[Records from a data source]
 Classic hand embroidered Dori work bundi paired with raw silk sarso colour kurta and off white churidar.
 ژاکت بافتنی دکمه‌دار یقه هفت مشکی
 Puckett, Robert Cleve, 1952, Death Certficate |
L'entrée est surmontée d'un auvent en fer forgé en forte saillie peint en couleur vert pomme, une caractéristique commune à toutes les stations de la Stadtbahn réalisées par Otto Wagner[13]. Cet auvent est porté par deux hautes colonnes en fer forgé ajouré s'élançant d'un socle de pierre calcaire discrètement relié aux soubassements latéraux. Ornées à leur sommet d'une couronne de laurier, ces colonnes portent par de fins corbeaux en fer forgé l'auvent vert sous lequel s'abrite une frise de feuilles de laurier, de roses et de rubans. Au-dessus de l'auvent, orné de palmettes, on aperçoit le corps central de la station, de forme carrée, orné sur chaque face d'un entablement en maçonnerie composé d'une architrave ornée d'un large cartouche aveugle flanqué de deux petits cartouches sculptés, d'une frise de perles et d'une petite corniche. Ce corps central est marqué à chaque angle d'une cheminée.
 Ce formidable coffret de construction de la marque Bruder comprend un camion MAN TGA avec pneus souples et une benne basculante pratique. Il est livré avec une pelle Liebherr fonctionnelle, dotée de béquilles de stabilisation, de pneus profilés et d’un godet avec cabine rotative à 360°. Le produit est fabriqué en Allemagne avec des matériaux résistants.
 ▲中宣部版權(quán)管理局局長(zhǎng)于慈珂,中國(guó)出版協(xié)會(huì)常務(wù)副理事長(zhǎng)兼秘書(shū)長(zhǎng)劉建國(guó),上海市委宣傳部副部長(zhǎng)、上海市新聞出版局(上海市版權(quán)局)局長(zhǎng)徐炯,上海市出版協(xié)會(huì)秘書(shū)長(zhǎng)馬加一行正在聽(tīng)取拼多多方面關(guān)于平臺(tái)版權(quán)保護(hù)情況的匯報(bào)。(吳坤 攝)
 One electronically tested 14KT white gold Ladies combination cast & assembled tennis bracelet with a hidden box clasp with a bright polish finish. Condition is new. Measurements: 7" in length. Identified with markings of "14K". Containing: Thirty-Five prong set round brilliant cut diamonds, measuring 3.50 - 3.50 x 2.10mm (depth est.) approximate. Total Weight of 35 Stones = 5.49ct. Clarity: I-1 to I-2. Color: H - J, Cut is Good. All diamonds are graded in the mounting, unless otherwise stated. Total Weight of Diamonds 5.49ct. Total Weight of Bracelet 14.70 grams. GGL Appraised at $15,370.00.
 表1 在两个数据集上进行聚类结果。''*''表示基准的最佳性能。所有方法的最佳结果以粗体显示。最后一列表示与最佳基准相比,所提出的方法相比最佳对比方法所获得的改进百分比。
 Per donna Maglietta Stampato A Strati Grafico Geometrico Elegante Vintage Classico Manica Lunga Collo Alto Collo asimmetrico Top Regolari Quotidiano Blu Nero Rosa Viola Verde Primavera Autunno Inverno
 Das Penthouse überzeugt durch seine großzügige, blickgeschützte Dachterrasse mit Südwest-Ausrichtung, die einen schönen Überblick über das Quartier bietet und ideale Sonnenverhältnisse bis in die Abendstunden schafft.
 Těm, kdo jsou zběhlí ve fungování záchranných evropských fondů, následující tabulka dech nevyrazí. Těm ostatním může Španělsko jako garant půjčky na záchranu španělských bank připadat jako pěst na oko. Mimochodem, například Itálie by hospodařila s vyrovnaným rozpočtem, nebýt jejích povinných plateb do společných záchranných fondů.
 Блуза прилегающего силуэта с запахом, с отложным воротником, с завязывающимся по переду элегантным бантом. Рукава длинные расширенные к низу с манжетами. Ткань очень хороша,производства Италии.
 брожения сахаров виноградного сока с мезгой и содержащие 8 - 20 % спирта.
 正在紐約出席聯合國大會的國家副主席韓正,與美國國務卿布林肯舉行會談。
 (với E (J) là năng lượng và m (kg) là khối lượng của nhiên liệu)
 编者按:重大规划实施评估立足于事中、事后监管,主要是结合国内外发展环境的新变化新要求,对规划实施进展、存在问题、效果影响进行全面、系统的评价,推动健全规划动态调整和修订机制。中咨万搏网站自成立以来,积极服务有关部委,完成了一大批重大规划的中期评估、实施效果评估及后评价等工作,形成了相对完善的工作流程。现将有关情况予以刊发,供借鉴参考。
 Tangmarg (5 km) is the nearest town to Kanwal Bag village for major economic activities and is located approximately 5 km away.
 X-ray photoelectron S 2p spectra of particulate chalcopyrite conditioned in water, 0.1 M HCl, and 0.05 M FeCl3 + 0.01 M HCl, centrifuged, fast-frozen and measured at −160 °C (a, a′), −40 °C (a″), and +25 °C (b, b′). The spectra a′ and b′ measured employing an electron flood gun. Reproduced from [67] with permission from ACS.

* **WHAT THIS TASK INVOLVES**:
Transcribe the records exactly as given.

* **SOLUTION FOR THIS EXERCISE**:
 Classic hand embroidered Dori work bundi paired with raw silk sarso colour kurta and off white churidar.
 ژاکت بافتنی دکمه‌دار یقه هفت مشکی
 Puckett, Robert Cleve, 1952, Death Certficate |
L'entrée est surmontée d'un auvent en fer forgé en forte saillie peint en couleur vert pomme, une caractéristique commune à toutes les stations de la Stadtbahn réalisées par Otto Wagner[13]. Cet auvent est porté par deux hautes colonnes en fer forgé ajouré s'élançant d'un socle de pierre calcaire discrètement relié aux soubassements latéraux. Ornées à leur sommet d'une couronne de laurier, ces colonnes portent par de fins corbeaux en fer forgé l'auvent vert sous lequel s'abrite une frise de feuilles de laurier, de roses et de rubans. Au-dessus de l'auvent, orné de palmettes, on aperçoit le corps central de la station, de forme carrée, orné sur chaque face d'un entablement en maçonnerie composé d'une architrave ornée d'un large cartouche aveugle flanqué de deux petits cartouches sculptés, d'une frise de perles et d'une petite corniche. Ce corps central est marqué à chaque angle d'une cheminée.
 Ce formidable coffret de construction de la marque Bruder comprend un camion MAN TGA avec pneus souples et une benne basculante pratique. Il est livré avec une pelle Liebherr fonctionnelle, dotée de béquilles de stabilisation, de pneus profilés et d’un godet avec cabine rotative à 360°. Le produit est fabriqué en Allemagne avec des matériaux résistants.
 ▲中宣部版權(quán)管理局局長(zhǎng)于慈珂,中國(guó)出版協(xié)會(huì)常務(wù)副理事長(zhǎng)兼秘書(shū)長(zhǎng)劉建國(guó),上海市委宣傳部副部長(zhǎng)、上海市新聞出版局(上海市版權(quán)局)局長(zhǎng)徐炯,上海市出版協(xié)會(huì)秘書(shū)長(zhǎng)馬加一行正在聽(tīng)取拼多多方面關(guān)于平臺(tái)版權(quán)保護(hù)情況的匯報(bào)。(吳坤 攝)
 One electronically tested 14KT white gold Ladies combination cast & assembled tennis bracelet with a hidden box clasp with a bright polish finish. Condition is new. Measurements: 7" in length. Identified with markings of "14K". Containing: Thirty-Five prong set round brilliant cut diamonds, measuring 3.50 - 3.50 x 2.10mm (depth est.) approximate. Total Weight of 35 Stones = 5.49ct. Clarity: I-1 to I-2. Color: H - J, Cut is Good. All diamonds are graded in the mounting, unless otherwise stated. Total Weight of Diamonds 5.49ct. Total Weight of Bracelet 14.70 grams. GGL Appraised at $15,370.00.
 表1 在两个数据集上进行聚类结果。''*''表示基准的最佳性能。所有方法的最佳结果以粗体显示。最后一列表示与最佳基准相比,所提出的方法相比最佳对比方法所获得的改进百分比。
 Per donna Maglietta Stampato A Strati Grafico Geometrico Elegante Vintage Classico Manica Lunga Collo Alto Collo asimmetrico Top Regolari Quotidiano Blu Nero Rosa Viola Verde Primavera Autunno Inverno
 Das Penthouse überzeugt durch seine großzügige, blickgeschützte Dachterrasse mit Südwest-Ausrichtung, die einen schönen Überblick über das Quartier bietet und ideale Sonnenverhältnisse bis in die Abendstunden schafft.
 Těm, kdo jsou zběhlí ve fungování záchranných evropských fondů, následující tabulka dech nevyrazí. Těm ostatním může Španělsko jako garant půjčky na záchranu španělských bank připadat jako pěst na oko. Mimochodem, například Itálie by hospodařila s vyrovnaným rozpočtem, nebýt jejích povinných plateb do společných záchranných fondů.
 Блуза прилегающего силуэта с запахом, с отложным воротником, с завязывающимся по переду элегантным бантом. Рукава длинные расширенные к низу с манжетами. Ткань очень хороша,производства Италии.
 брожения сахаров виноградного сока с мезгой и содержащие 8 - 20 % спирта.
 正在紐約出席聯合國大會的國家副主席韓正,與美國國務卿布林肯舉行會談。
 (với E (J) là năng lượng và m (kg) là khối lượng của nhiên liệu)
 编者按:重大规划实施评估立足于事中、事后监管,主要是结合国内外发展环境的新变化新要求,对规划实施进展、存在问题、效果影响进行全面、系统的评价,推动健全规划动态调整和修订机制。中咨万搏网站自成立以来,积极服务有关部委,完成了一大批重大规划的中期评估、实施效果评估及后评价等工作,形成了相对完善的工作流程。现将有关情况予以刊发,供借鉴参考。
 Tangmarg (5 km) is the nearest town to Kanwal Bag village for major economic activities and is located approximately 5 km away.
 X-ray photoelectron S 2p spectra of particulate chalcopyrite conditioned in water, 0.1 M HCl, and 0.05 M FeCl3 + 0.01 M HCl, centrifuged, fast-frozen and measured at −160 °C (a, a′), −40 °C (a″), and +25 °C (b, b′). The spectra a′ and b′ measured employing an electron flood gun. Reproduced from [67] with permission from ACS.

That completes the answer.